Microsoft today released the free Bing for Mobile Android App, offering search, a new “image of the day” on the homepage, integrated voice search, instant answers, mapping and more. I’d love to share my thoughts on the new Bing software, but the fact is: I can’t. Like Skype on Android in the U.S., Microsoft’s Bing for Mobile Android App is only available for Android devices on the Verizon Wireless network. Without an iPhone to offer customers, Verizon is cleverly working exclusive software deals with developers to gain an advantage over rival AT&T.
I reached out to Microsoft to verify the exclusivity and sure enough, it’s true, although I was told via email that “there are plans to expand the app to devices with other U.S. mobile operators later this year.” So if you have one those hot new Samsung Galaxy S class phones, for example — Samsung today said it’s shipped a million Galaxy S handsets in the U.S. — you’re out of luck for now.
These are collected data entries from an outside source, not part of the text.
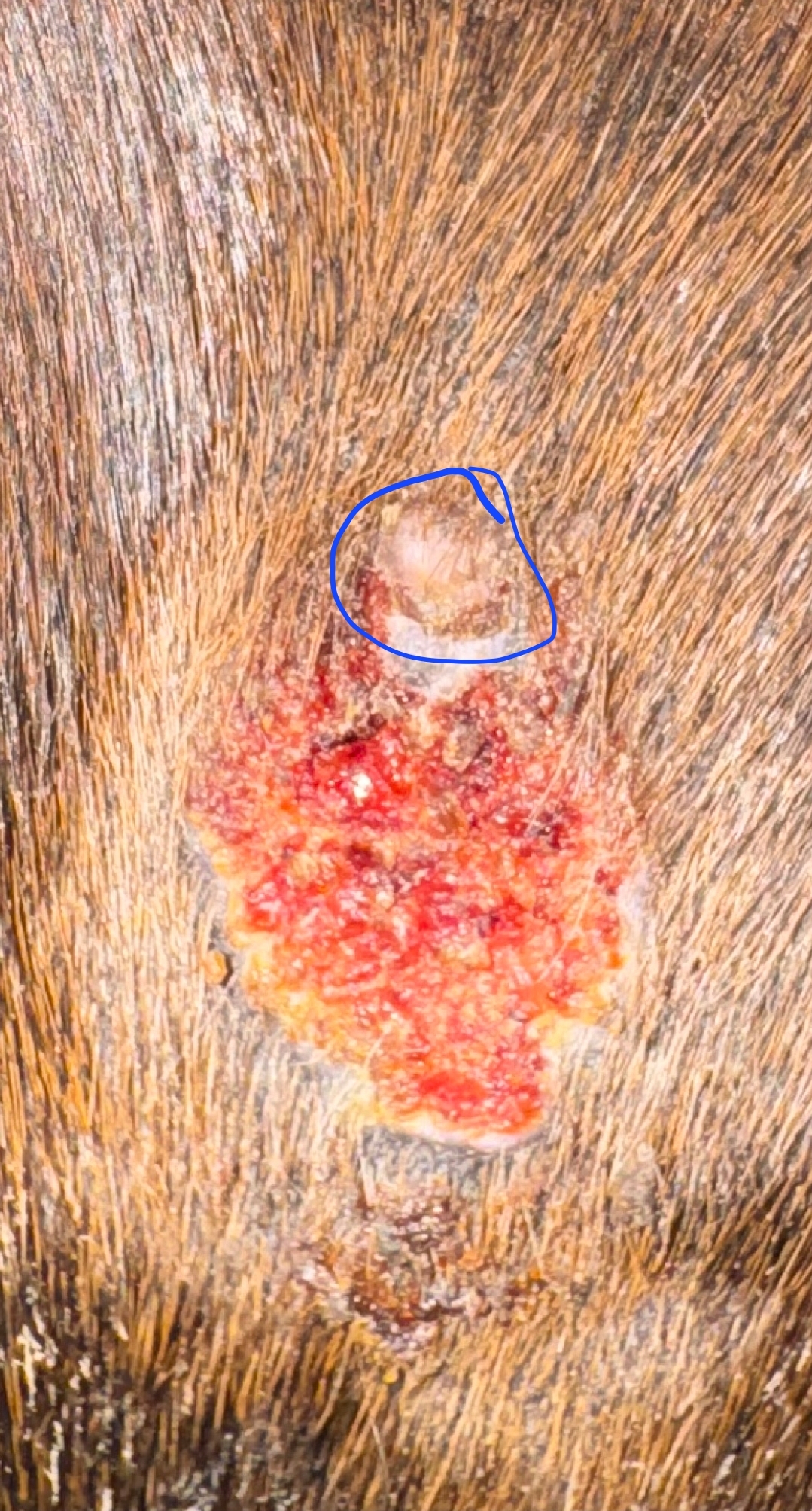 Das sieht alles recht gut aus und ich möchte herausfinden, ob es heilt. Nur dieser blaue Knopf ist auffällig. Scheint das nur so oder ist das so?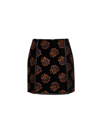 An ode to the swinging ‘60s icon, Twiggy, this panelled mini skirt is a nod to mod. A-line with a flirty front panel and slits on either side, this mini packs major mamma mia! punch. A piped leather border further elevates this already opulent beauty which, crafted in printed Italian jacquard, delivers double takes whether she’s worn with an oversized sweater or our romantic Foulard Shirt and heels. Details & Fit - Jacquard - Paneled mini skirt - Leather piping - Slits at sides - 100% made in Italy - Composition: 32%Viscose 22%Recycled Polyester 22%Cotton 21%Polyester 3%Metal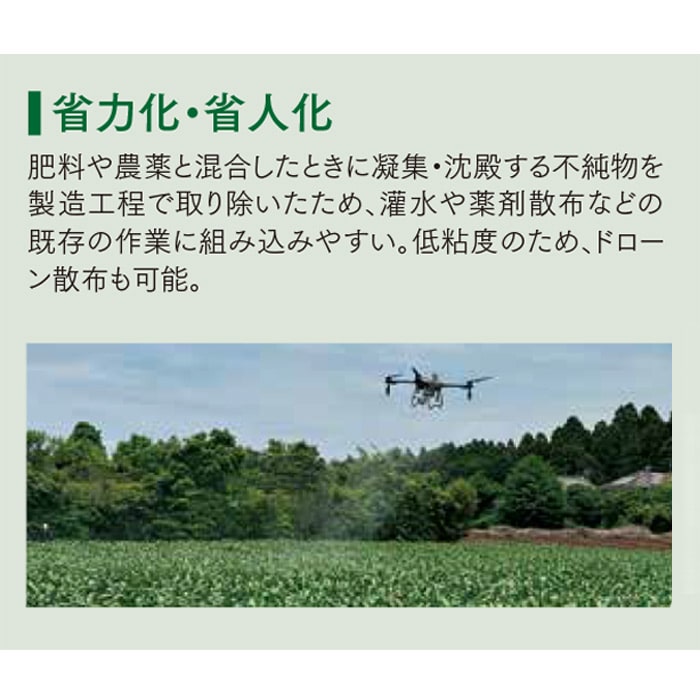 肥料や農薬と混合したときに凝集・沈殿する不純物を製造工程で取り除いたため、かん水や薬剤散布などの既存の作業に取り込みやすくできています。低粘度のため、ドローン散布も可能です。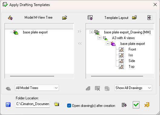 Click OK to apply the selected drafting template. The Apply Drafting Templates dialog is displayed: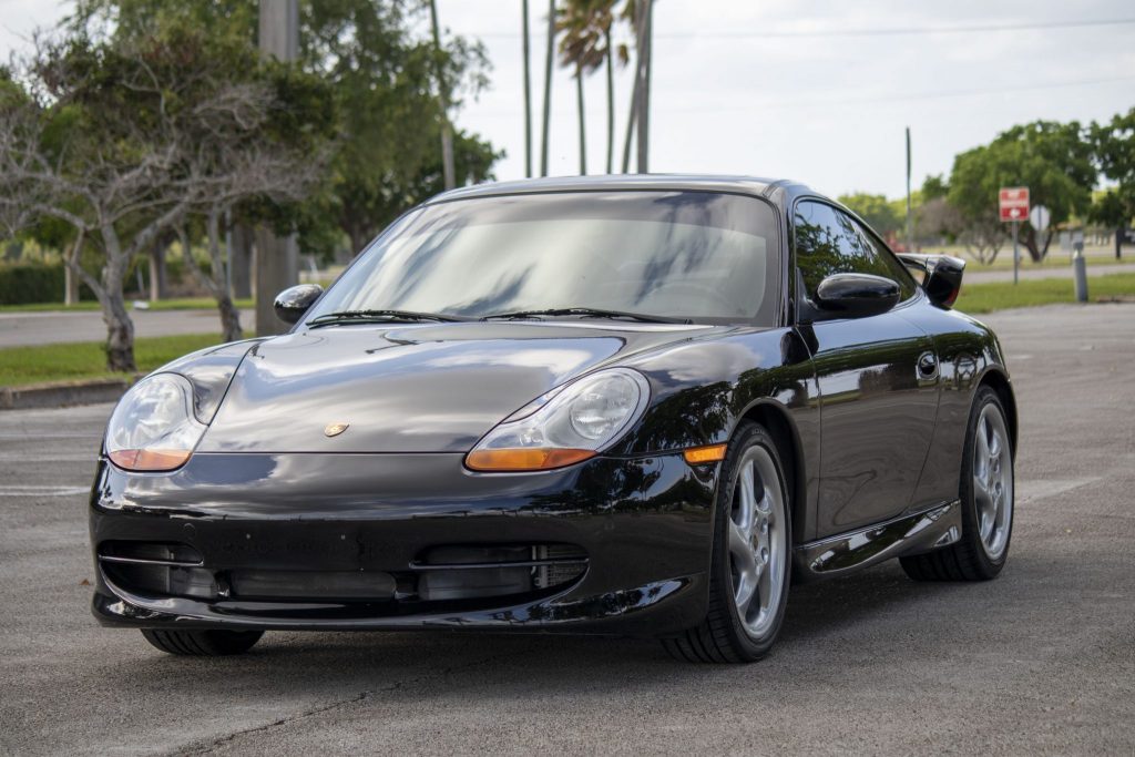This 1999 Porsche 911 Carrera is finished in black over black leather, and it is powered by a 3.4-liter flat-six paired with a six-speed manual transaxle. Optional equipment includes Aerokit bodywork, 18″ hollow-spoke wheels, aluminum interior trim, power-adjustable seats, a Hi-Fi speaker system, a remote CD changer, and an onboard computer. Service in preparation for the sale is said to have consisted of replacing the tires and performing an oil change.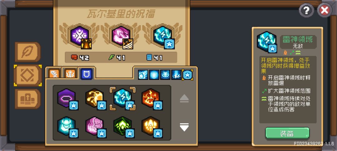 我选的是这三个。雷电领域我建议放在无敌上,CD差不多,我觉得很匹配,至于巨力守护,其实我觉得放啥都行,仁者见仁智者见智吧。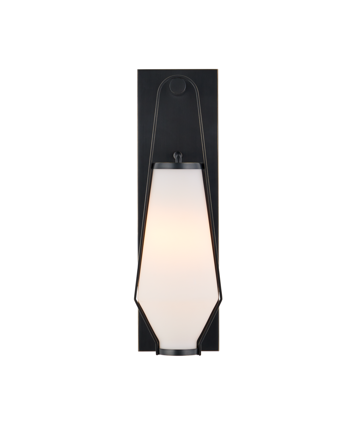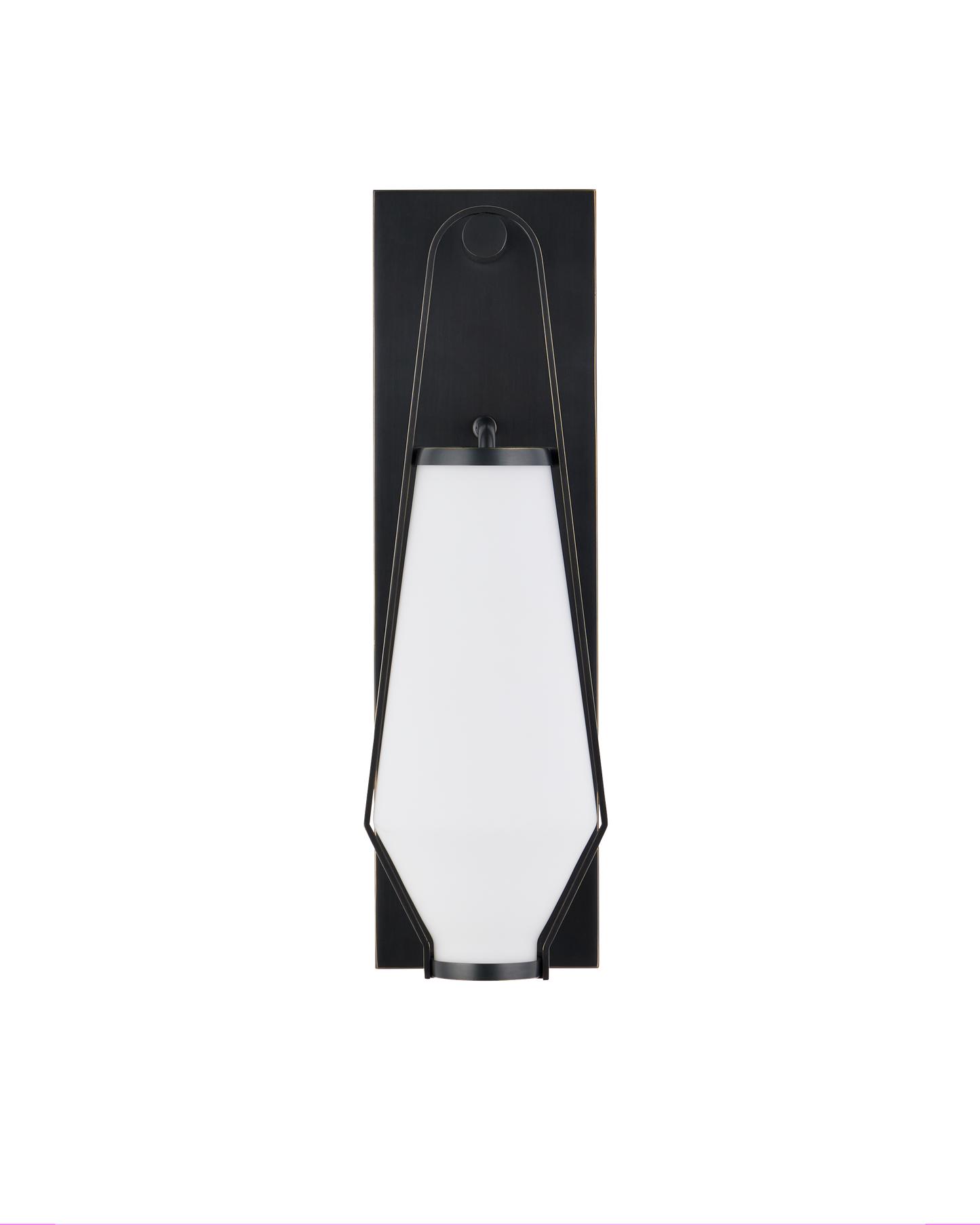 The Brompton Bronze Bath Wall Sconce dangles its shade like it is balancing a canister filled with illumination. Designed with a slim, rectangular wall-plate made of wrought iron in an oil-rubbed bronze finish, the knob from which the shade hangs and the handle that cradles it are also in metal in the same finish. The opacity of the beautifully shaped shade on the black wall sconce creates a luminous glow.

Bing will be supported on Verizon’s version of the Galaxy S — the Samsung Fascinate — when that phone launches, but versions for Android devices on other the carriers are in a holding pattern.
Although I’m happy with Google searches on my Nexus One using a T-Mobile SIM card, I really would like to have tried the Bing app on my smartphone. There’s no technical reason the app won’t run on my device; this is purely a business partner situation. As a Skype user since 2004, I wouldn’t mind having Skype Mobile too, but again, that software and service is limited to a particular carrier here. I can appreciate carrier-specific apps limited to phones on a particular network, but when it comes to larger, third-party software vendors, I see a situation where carriers are trying too hard for a value play. Limiting software by platform makes sense for many reasons, but limiting an app to a carrier is a desperate effort to attract new customers.
For now, it seems that Verizon is continuing to combat its lack of an iPhone with excellent Android hardware like the Motorola Droid X , HTC Incredible, and upcoming Samsung Fascinate, as well as having a stellar network with massive national coverage. That type of strategy certainly makes sense, and to some extent, is paying off: Last quarter, Verizon gained 665,000 postpaid subscribers, while postpaid churn was 0.94 percent. Adding exclusive Android apps like Skype Mobile and Bing for Mobile may be helping to small degree, but it runs the risk of souring consumer sentiment, potentially towards both Verizon and Microsoft.
Indeed, this situation might be worth a mention to Matt Thompson, Microsoft’s GM for Developer and Platform Evangelism, one of our Mobilize event speakers next month. The approach is akin to Microsoft Office only running on computers from Dell, and I know that would never fly with regulators, nor consumers. I’ll just have to try Bing on the web using my Android phone. Last I checked, the web was still usable on all of the carrier’s networks.